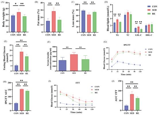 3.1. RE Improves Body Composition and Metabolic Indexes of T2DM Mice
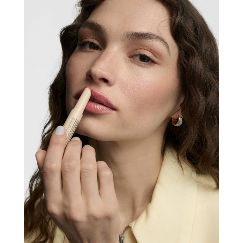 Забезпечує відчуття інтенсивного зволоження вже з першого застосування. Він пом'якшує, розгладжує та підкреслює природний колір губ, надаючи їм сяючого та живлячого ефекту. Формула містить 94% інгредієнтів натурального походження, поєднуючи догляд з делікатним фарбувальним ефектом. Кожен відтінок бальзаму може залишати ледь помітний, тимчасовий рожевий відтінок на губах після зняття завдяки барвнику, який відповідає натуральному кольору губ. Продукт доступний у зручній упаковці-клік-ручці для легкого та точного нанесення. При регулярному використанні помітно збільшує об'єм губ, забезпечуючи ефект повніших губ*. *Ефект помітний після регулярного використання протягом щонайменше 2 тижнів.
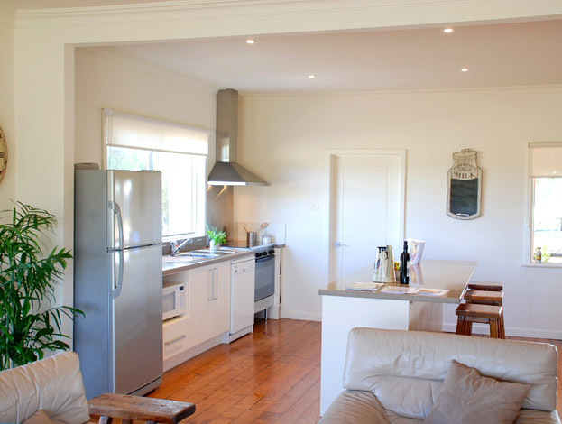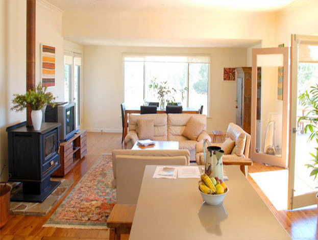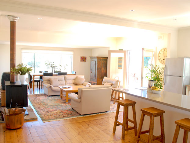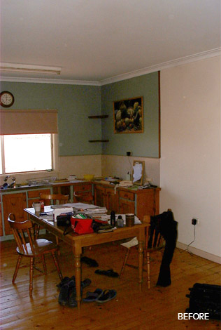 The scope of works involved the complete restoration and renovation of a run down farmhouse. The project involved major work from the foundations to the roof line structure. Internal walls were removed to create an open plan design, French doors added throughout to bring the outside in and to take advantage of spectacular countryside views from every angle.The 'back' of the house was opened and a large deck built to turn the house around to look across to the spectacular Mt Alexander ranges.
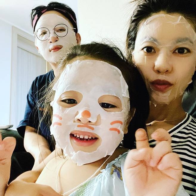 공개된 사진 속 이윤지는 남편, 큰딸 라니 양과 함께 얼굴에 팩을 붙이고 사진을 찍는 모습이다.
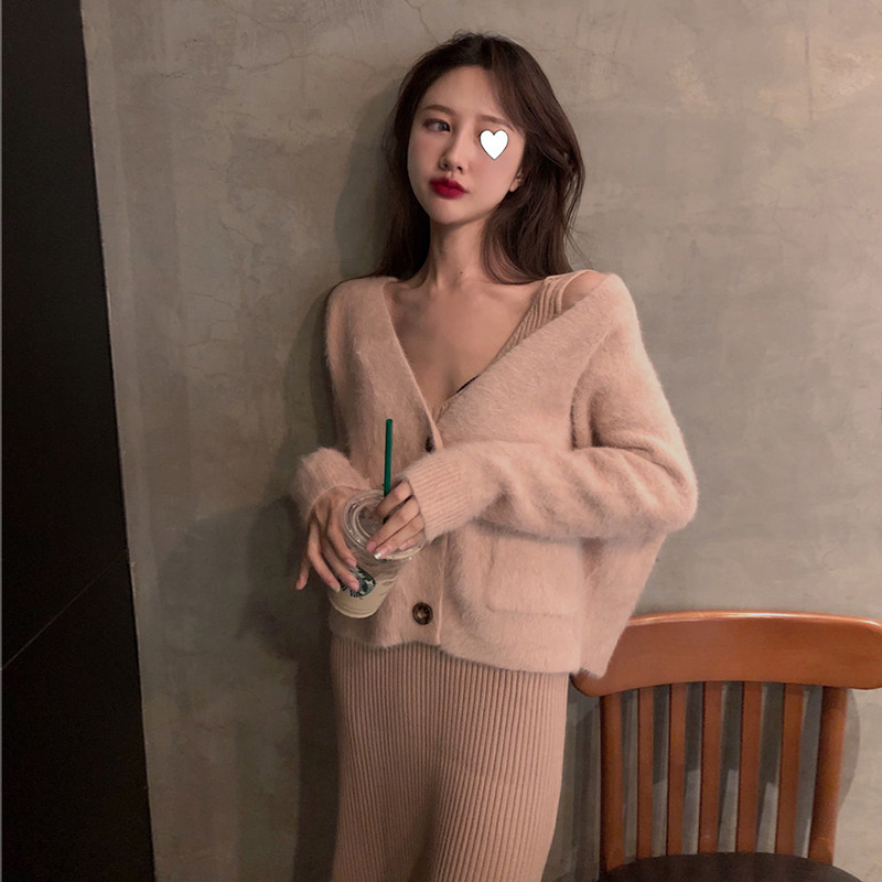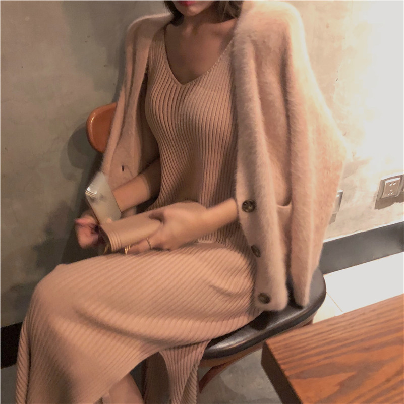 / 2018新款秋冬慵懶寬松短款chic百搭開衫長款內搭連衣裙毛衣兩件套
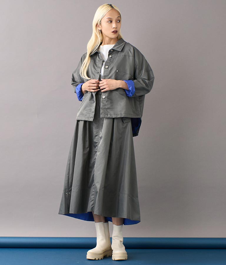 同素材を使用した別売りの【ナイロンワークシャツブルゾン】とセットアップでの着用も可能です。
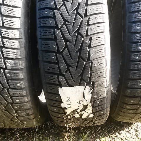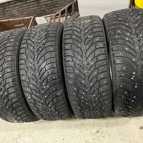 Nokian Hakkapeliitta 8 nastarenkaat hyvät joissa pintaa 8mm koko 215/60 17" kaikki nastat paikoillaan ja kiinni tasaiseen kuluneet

____

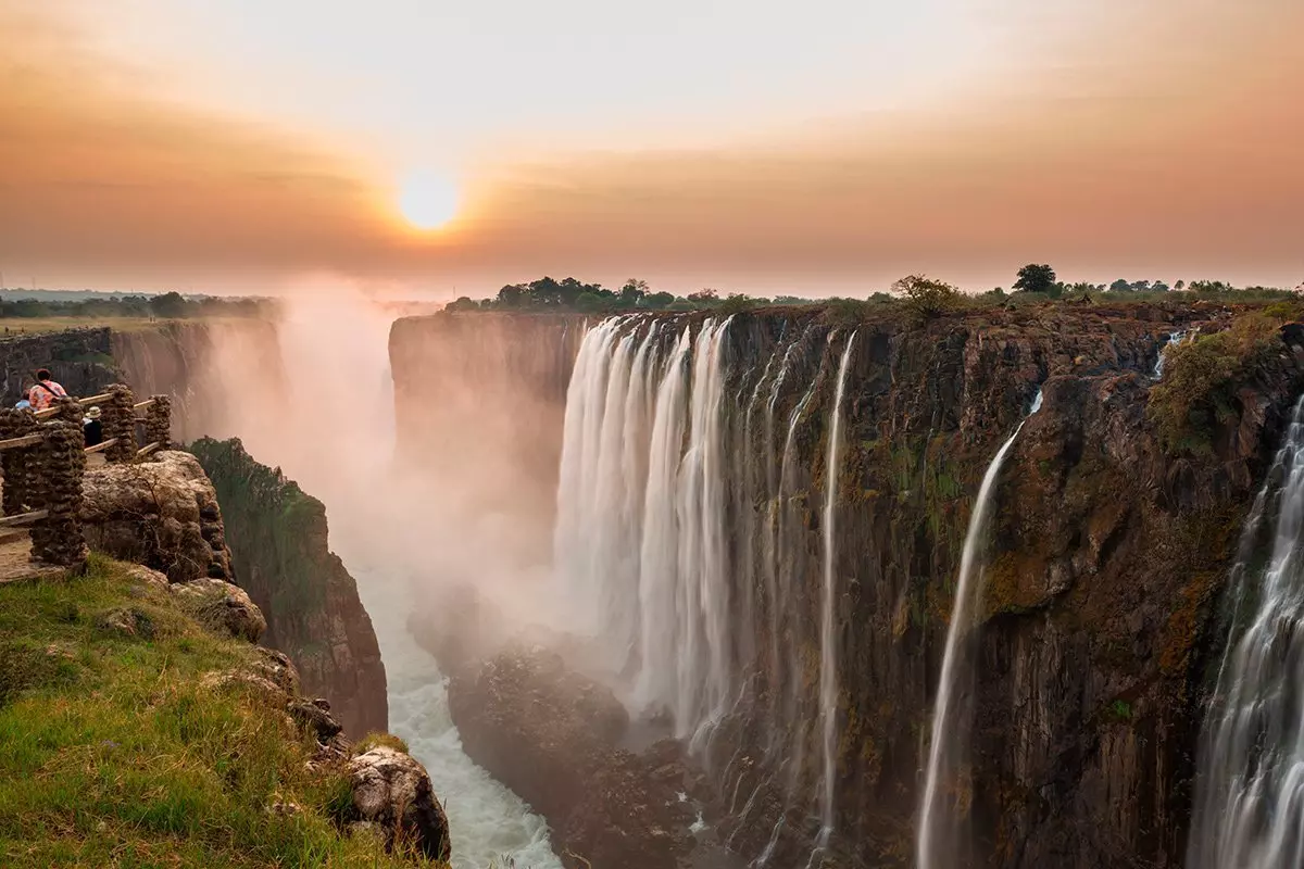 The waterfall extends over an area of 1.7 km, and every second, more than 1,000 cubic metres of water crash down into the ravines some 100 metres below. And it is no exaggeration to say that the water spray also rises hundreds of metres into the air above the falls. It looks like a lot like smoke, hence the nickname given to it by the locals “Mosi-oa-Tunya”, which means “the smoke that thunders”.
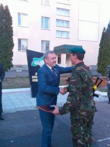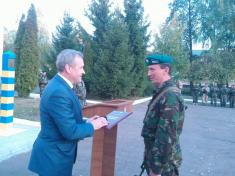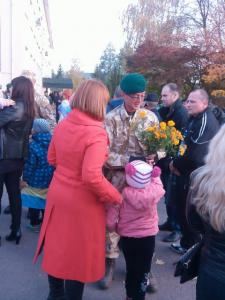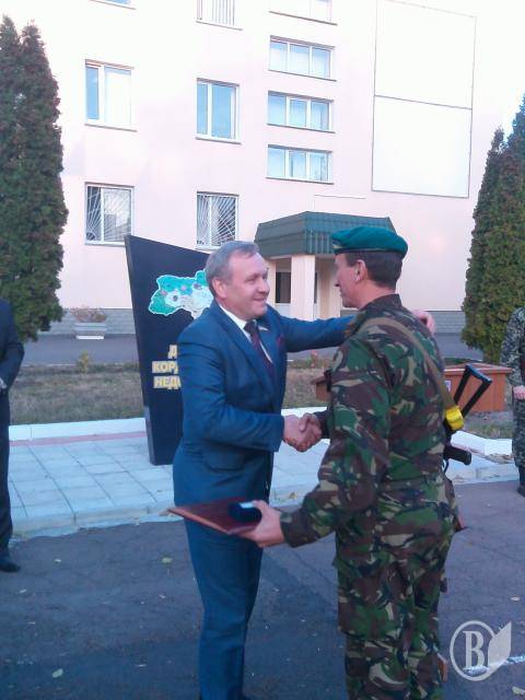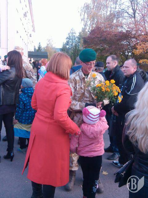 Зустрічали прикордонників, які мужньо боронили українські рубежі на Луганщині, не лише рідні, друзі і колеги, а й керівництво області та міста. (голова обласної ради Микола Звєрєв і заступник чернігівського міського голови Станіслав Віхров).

____

Exercise aim >>
Leave the pictures out. Output, exactly, the lines of the material above starting at the line containing "The waterfall extends" and ending at the line containing "Зустрічали прикордонників, які".

Answer to this problem >>
 The waterfall extends over an area of 1.7 km, and every second, more than 1,000 cubic metres of water crash down into the ravines some 100 metres below. And it is no exaggeration to say that the water spray also rises hundreds of metres into the air above the falls. It looks like a lot like smoke, hence the nickname given to it by the locals “Mosi-oa-Tunya”, which means “the smoke that thunders”.
 Зустрічали прикордонників, які мужньо боронили українські рубежі на Луганщині, не лише рідні, друзі і колеги, а й керівництво області та міста. (голова обласної ради Микола Звєрєв і заступник чернігівського міського голови Станіслав Віхров).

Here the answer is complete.